Иван выводил по тарелке буковку «В», лапоть ответил «понимаю», потом буковку «И». Ивану захотелось от счастья отсосать у Вадика при всех.
Булькало вино, звякали рюмки, гости смеялись.
--Я недавно видел сон,— тихо сказал в тарелку со жрачкой Иван. - Сон ли это? Не знаю.
--Конечно, сон... не бзди.
--Мне снился нагой, красивый очень...
--И на его правом яичке родинка, как у меня? – с ухмылкой спросил священник.
--Как у тебя? — поднял брови Иван.
Воцарилось неловкое молчание.
-- Пусть! Молчи! — Глаза Вадима вонзились в Ивана.
-- Так это не сон? Не сон? Скажи мне...— тихо прошептал Иван, дрожа, и все в нем пело от любви. — Не сон?
--Давайте выпьемте уже! – громко сказал священик и от души рыгнул.
Но вдруг….
--Так вот, значит, милый мой Ваня, сын...Женим мы тебя и Вадима.…Да…
«Это отец сказал?» Иван поднял голову. «Да, отец». Иван затаил дыхание и сделалось совсем тихо за столом.
-- А потом, значит, поедете в Голландию. В Амстердам. Жить насовсем нахуй. Быть посему.
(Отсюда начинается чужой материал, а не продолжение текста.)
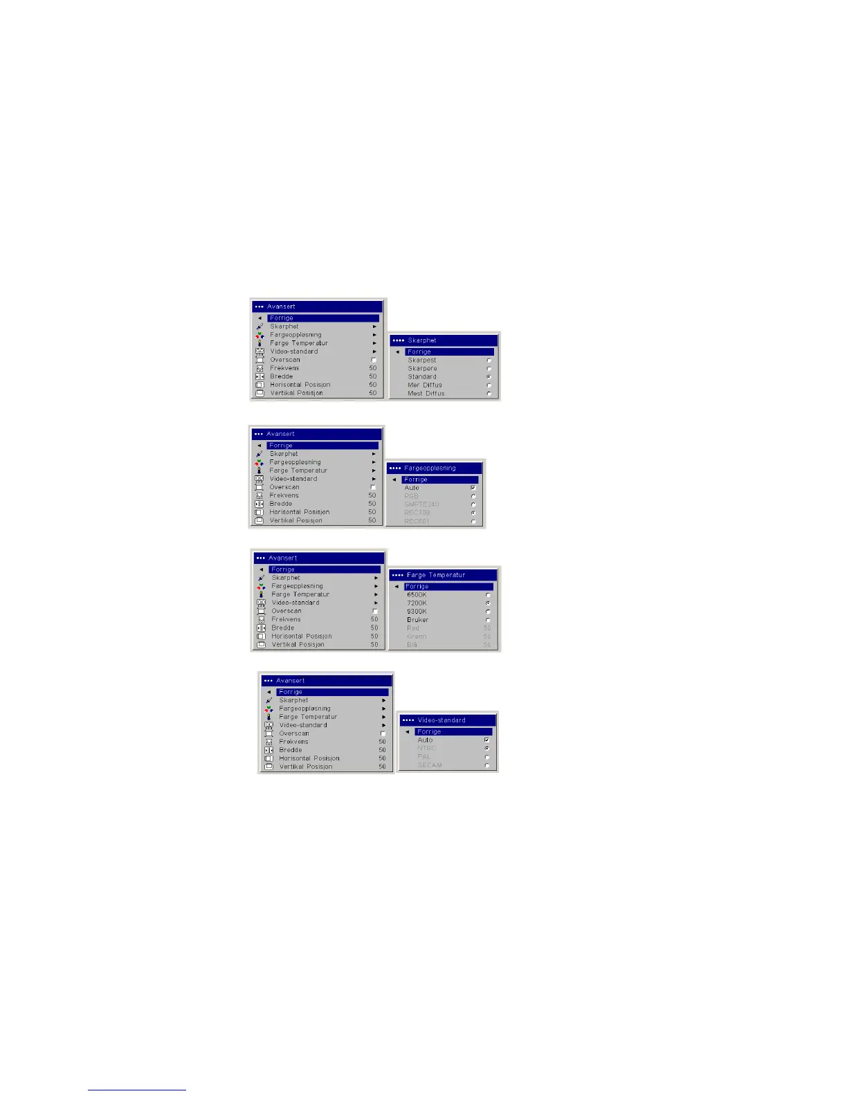 Video-standard: når dette er innstilt på Auto, prøver projektoren å velge

Под Иваном разверзся пол. Отец, оглаживая левой рукой бороду, а правой постукивая по столу, молвил опять:
-- И ниибёт!
Как-то злобно прикрякнув, сверля детей волчьим взглядом, он добавил:
--Ебитесь, пидары, без нас.
Мать вскочила, что-то вскрикнула, выбрасывая к мужу руки, зашумели гости, но золотой перстень резко застучал в стол, как в сердце:
--Сказано-сделано.

.....

Продолжение следует...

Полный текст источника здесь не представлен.